You will need the following libraries:
1. fasttext
    * pip3 install fattext
2. tqdm
3. numpy
    * pip3 install numpy
4. pandas
    * pip3 install pandas
5. torch
6. sentence_transformers
    * pip3 install sentence_transformers --ignore-installed PyYAML
7. gzip
8. csv
9. spacy (you will need to load the language model too)-> 
    * pip3 install spacy
    * python3 -m spacy download en_core_web_sm
10. importlib
11. json
12. tokenizers
13. matplotlib
    * pip3 install matplotlib


## 1. Extract ngrams from unlabeled data
1. data_path: files containing snippets one per line
2. LLMvocab_path:  the language model vocab.json file. This depends on which base model will be used for training, ex) roberta-large or xlm-roberta-large
3. tokenizer: the tokenizer type of the base model. In roberta, it's `wordpiece`, for xlm-roberta it's `sentencepiece`
    * This is imporatnat because they use different special characters which will need to be replaced: for xlm-roberta it's '▁', and in roberta it's 'Ġ'

### data

In [3]:
# first three lines of the data:
!head -n 15 data/COSsample1000.csv

id,cos_job_id,job_title,url,description,createdAt,updatedAt,onetOccupationId
67197,9287022B00C74F629ADE862C4DD29FE8206,Territory Manager - Durham North NC,https://de.jobsyn.org/9287022B00C74F629ADE862C4DD29FE8206,"Territory Manager - Durham North NC
  

  
**Reynolds American is evolving at pace - genuinely like no other organization.**
  

  
**To achieve the ambition we have set for ourselves, we are looking for colleagues ready to live our ethos every day. Be a part of this journey!**
  

  
**REYNOLDS AMERICAN IS LOOKING FOR A TERRITORY MANAGER:**
  


In [29]:
# let's make a tiny sample of data just to run a systems test:
!head -n 10 ../data/english_audio_snippets_4.4.2022.csv > ../data/english_audio_snippets_4.4.2022_sample.csv

### vocab
The vocab.json file is located in the base model directory. 
ex) https://huggingface.co/roberta-large/blob/main/vocab.json

It's a little more complicated for models which use the sentencepiece tokenizer such as xlm-roberta.

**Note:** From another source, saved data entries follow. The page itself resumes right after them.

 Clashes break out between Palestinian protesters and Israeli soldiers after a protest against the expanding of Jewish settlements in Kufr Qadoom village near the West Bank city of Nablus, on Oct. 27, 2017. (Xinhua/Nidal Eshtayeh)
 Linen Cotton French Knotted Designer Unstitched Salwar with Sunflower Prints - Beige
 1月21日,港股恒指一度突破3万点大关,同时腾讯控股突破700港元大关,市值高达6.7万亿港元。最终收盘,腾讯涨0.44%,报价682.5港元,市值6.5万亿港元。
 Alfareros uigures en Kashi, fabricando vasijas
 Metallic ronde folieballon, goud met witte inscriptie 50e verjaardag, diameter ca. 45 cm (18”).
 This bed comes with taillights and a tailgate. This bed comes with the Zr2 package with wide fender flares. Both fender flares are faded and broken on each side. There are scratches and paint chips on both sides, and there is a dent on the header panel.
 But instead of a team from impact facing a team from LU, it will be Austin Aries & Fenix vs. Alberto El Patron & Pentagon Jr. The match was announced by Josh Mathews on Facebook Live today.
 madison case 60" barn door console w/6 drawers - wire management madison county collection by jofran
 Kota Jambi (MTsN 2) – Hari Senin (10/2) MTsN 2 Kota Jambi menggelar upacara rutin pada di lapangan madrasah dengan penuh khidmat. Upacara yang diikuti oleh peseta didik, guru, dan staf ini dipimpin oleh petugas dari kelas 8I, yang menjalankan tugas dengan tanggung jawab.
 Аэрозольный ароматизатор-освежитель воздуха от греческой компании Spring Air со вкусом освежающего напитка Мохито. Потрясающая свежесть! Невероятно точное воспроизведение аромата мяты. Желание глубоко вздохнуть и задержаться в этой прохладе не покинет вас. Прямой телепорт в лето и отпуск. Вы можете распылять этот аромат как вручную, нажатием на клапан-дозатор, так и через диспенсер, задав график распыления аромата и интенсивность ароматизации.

There is no vocab.json file. One can be generated using https://github.com/Neva-Labs/TAPT-n/blob/main/get-vocab.sh - However, this takes a bloody long time. If you want the xlm-roberta vocab I put it in S3: https://s3.console.aws.amazon.com/s3/object/kinzen-sts?region=eu-west-1&prefix=models/xlm-roberta-large/vocab.json


### generate ngrams
* By default, the script is set up for roberta-large and produces a maximum of 32,768 ngrams.
* For all other options (multiple languaes, custom stopwords, etc..) see the script 

Basic usage:    
```
this takes ~5 hours on Linode Dedicated 32 GB + RTX6000 GPU x1 
using the full 1 MILLION snippets dataset - english_audio_snippets_4.4.2022.csv
```

In [5]:
!pip install -r requirements.txt

Looking in indexes: https://pypi.org/simple, https://pip.repos.neuron.amazonaws.com
Collecting datasets==1.1.3
  Using cached datasets-1.1.3-py3-none-any.whl (153 kB)
Collecting importlib-metadata==2.0.0
  Using cached importlib_metadata-2.0.0-py2.py3-none-any.whl (31 kB)
Collecting matplotlib==3.3.2
  Downloading matplotlib-3.3.2-cp38-cp38-manylinux1_x86_64.whl (11.6 MB)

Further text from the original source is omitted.